The San Francisco–based company Periodic Labs, for example, aims to funnel AI-generated ideas for materials into robotic laboratories for testing. There, robotic arms, sensors and other automated equipment would mix ingredients and run experiments. Insilico Medicine is also betting on a combination of robotics and AI systems. It has even introduced “Supervisor,” a humanoid robot, to work in its Shanghai lab.
Fully robotic laboratories are very pricey. Wang’s team has developed a way to bring AI into any research lab using XR glasses, a gadget that can record what a person is seeing and project virtual information into the field of view (shown above). First, the team trained an AI model on video of laboratory actions so it could recognize and reason about what it sees. Next, they had human scientists don the XR glasses and get to work — with an invisible AI helper looking through the glasses’ cameras.
The AI could answer questions or make suggestions. But perhaps the most important aspect of this collaboration is the fact that every interaction feeds into a new dataset of information that we didn’t already have.
Instead of using AI to search in a box, Wang says, “I want to do it in the wild.”
Pushing into the wild
AI tools that can speedily and reliably perform independent research or create safe and effective new medicines and materials might help the world solve a lot of problems. But there’s also a huge risk of inaccurate or even dangerous AI science because it takes time and expertise to check AI’s work.

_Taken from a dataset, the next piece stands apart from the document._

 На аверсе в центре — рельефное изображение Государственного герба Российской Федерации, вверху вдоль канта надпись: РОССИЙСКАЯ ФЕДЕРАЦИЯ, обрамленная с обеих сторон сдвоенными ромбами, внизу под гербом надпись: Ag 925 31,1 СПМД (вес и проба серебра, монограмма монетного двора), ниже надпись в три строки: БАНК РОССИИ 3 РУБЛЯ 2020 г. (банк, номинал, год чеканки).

Beyond the risks, turning research into an automated process challenges the very nature of science. People become scientists because they are curious. They don’t just want a quick, easy answer — they want to know why. “The thing that gets me excited is to understand the physical world,” Lupsasca says. “That’s why I chose this path in life.”
And the way these systems learn from data is “very different from how people learn and how we think about things,” says Keyon Vafa, an AI researcher at Harvard University. Predictive power does not equate to deep understanding.

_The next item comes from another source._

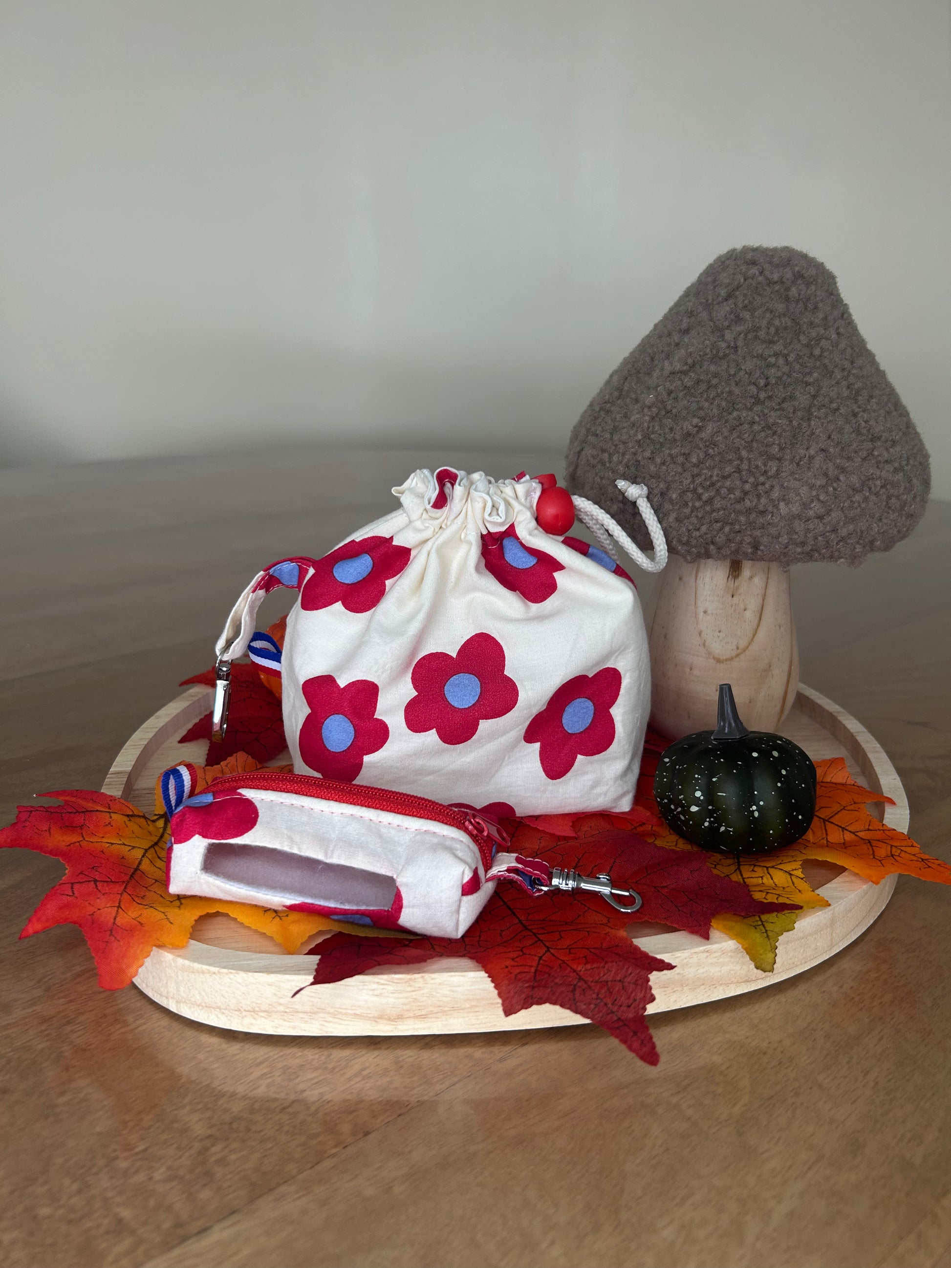 🐾 Pochon de balade motif Fleur Pop – 100% coton, fait main en Normandie 🇫🇷

Vafa and a team of researchers designed a clever experiment to reveal this difference. They first trained an AI model to predict the paths of planets orbiting stars. It got very good at this task. But it turned out that the AI had learned nothing of gravity. It had not discovered one essential equation to make its predictions. Rather, it had cobbled together a messy pile of rules of thumb.
Weil of OpenAI doesn’t see this alien way of reasoning as a problem. “It’s actually better if [the AI] has different skills than you,” he says.

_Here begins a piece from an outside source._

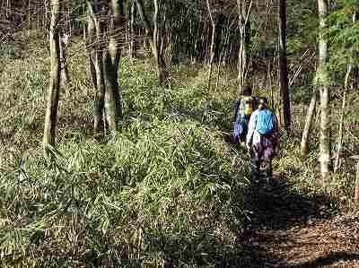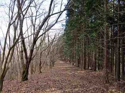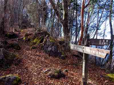はじめはヒノキ林の中、かなり登ったところからは雑木林に変わります。 冬枯れの木々の間から富士山や田貫湖が見えるとはいえ、すっきりした景色ではありませんでした。 そして登山口からひたすら登ること約40分、ようやく尾根に出て東海自然歩道と合流しました。 〔東海自然歩道出合 着=8:35〕 |

Musslick agrees. The real power in AI for science lies in designing systems “where science is done very differently than what we humans do,” he says. Most robotic labs, Musslick notes, don’t use humanoid hands to pick up and squeeze pipettes. Instead, engineers redesigned pipettes to work within robotic systems, freeing up human scientists for other, less repetitive tasks.
The most effective uses of AI in science will probably take a similar approach. People will find ways to change how science is done to make the best use of AI tools and systems.
“The goal,” Lupsasca says, “is to give humans new tools to push further into the wilderness and discover new things.”